**PROBLEM DESCRIPTION**
With pictures left out, output exactly the lines of the listing below from the line that has "Ubiquiti USW-Pro-HD-24-PoE switch" to the line that has "オパールの一粒揺れるピアスとネックレスの2点セット 10月誕生石 天然石", both lines kept.

**RECORDS FOR PROCESSING**
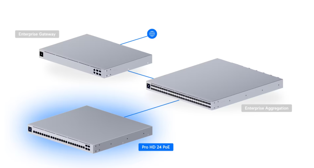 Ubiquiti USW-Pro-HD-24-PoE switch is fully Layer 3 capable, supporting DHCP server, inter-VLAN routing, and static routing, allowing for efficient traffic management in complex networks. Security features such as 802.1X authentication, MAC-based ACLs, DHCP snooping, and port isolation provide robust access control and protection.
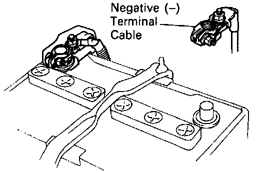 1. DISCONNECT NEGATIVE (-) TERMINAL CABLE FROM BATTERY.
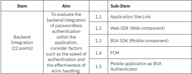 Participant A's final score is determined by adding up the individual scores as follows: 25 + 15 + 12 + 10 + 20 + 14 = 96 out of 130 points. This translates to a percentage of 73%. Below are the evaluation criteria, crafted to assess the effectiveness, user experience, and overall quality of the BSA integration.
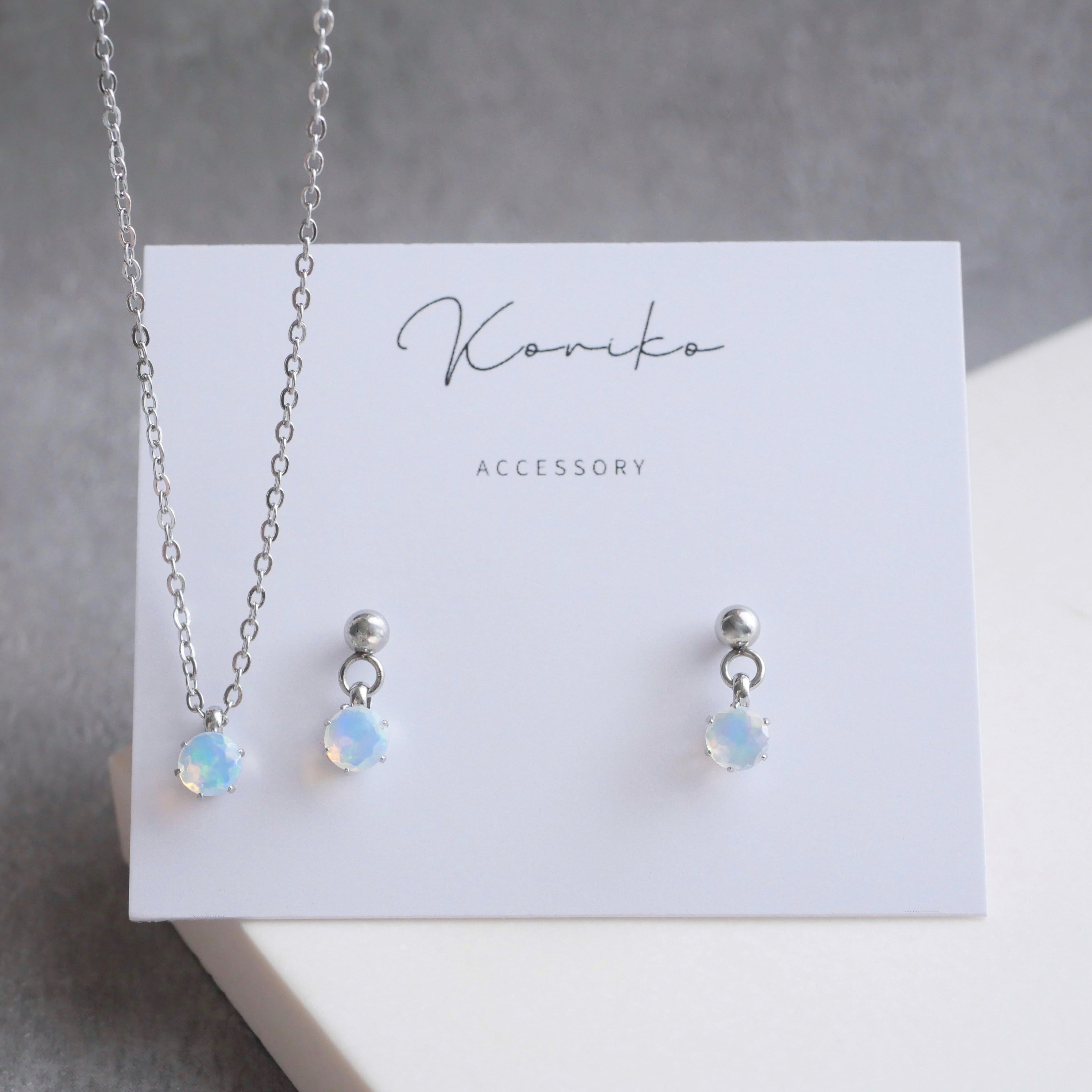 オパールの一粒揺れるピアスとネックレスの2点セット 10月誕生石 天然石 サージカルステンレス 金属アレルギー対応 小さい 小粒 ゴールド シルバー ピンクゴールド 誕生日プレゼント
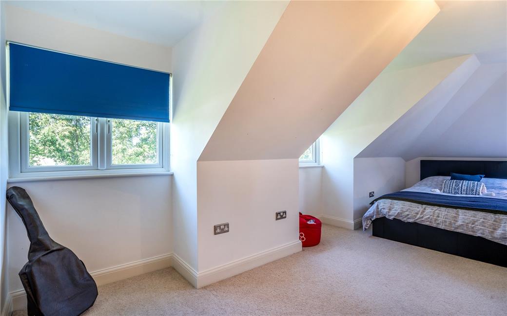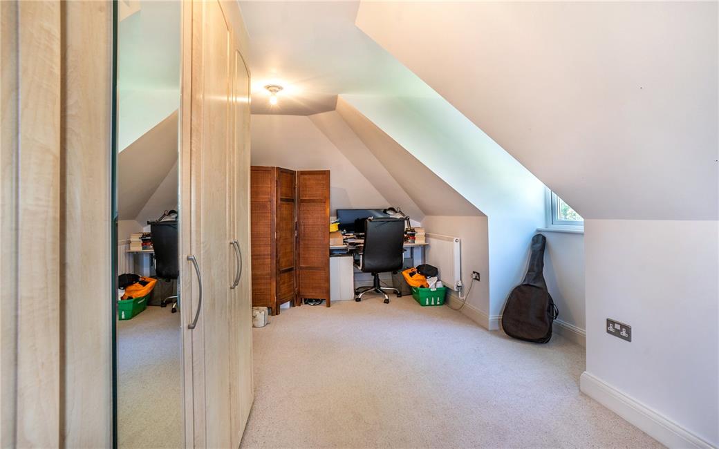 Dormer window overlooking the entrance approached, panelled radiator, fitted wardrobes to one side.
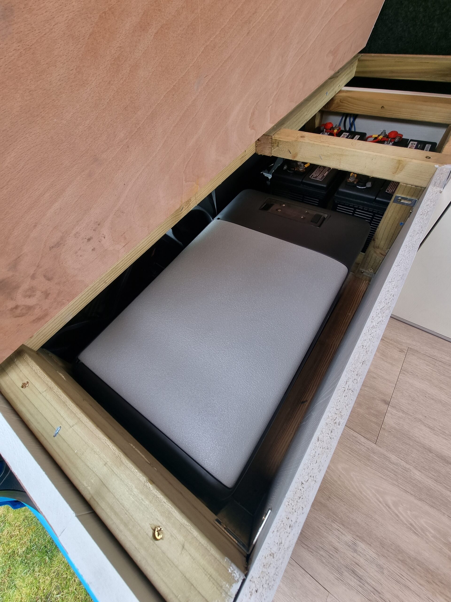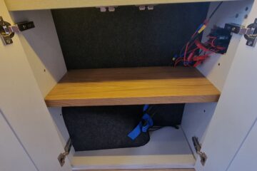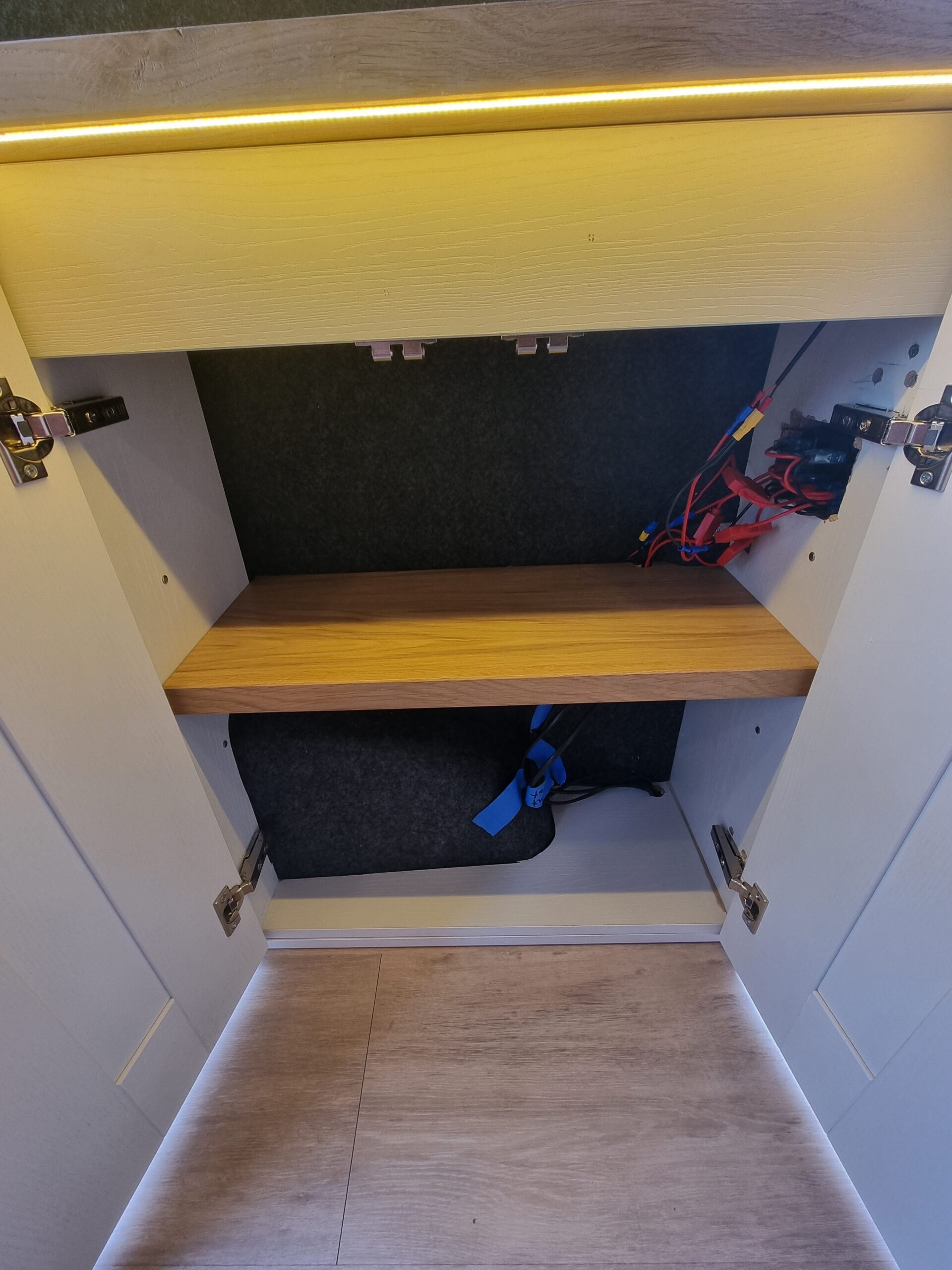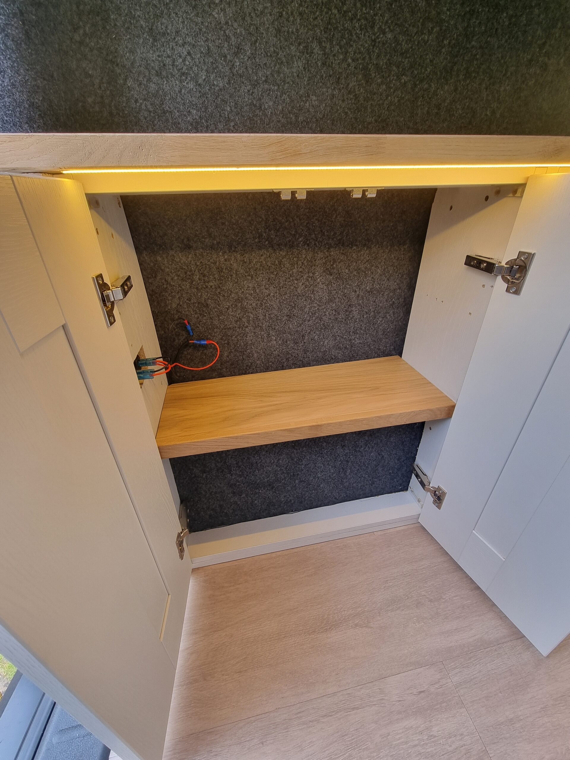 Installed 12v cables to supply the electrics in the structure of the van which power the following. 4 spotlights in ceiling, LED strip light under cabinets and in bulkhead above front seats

==

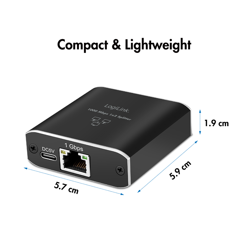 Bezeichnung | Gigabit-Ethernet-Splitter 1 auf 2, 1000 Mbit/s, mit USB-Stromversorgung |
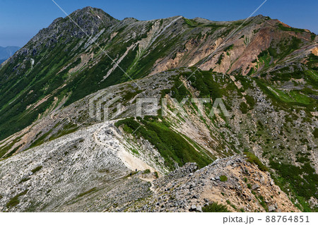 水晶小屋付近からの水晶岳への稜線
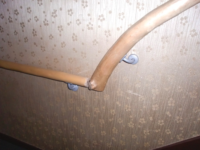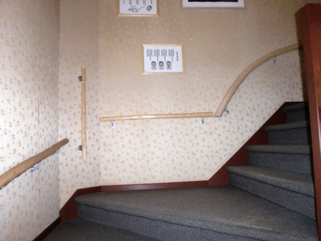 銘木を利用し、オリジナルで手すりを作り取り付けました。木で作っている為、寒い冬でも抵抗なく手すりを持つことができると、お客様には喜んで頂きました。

**TASK RESULT**
 Ubiquiti USW-Pro-HD-24-PoE switch is fully Layer 3 capable, supporting DHCP server, inter-VLAN routing, and static routing, allowing for efficient traffic management in complex networks. Security features such as 802.1X authentication, MAC-based ACLs, DHCP snooping, and port isolation provide robust access control and protection.
 1. DISCONNECT NEGATIVE (-) TERMINAL CABLE FROM BATTERY.
 Participant A's final score is determined by adding up the individual scores as follows: 25 + 15 + 12 + 10 + 20 + 14 = 96 out of 130 points. This translates to a percentage of 73%. Below are the evaluation criteria, crafted to assess the effectiveness, user experience, and overall quality of the BSA integration.
 オパールの一粒揺れるピアスとネックレスの2点セット 10月誕生石 天然石 サージカルステンレス 金属アレルギー対応 小さい 小粒 ゴールド シルバー ピンクゴールド 誕生日プレゼント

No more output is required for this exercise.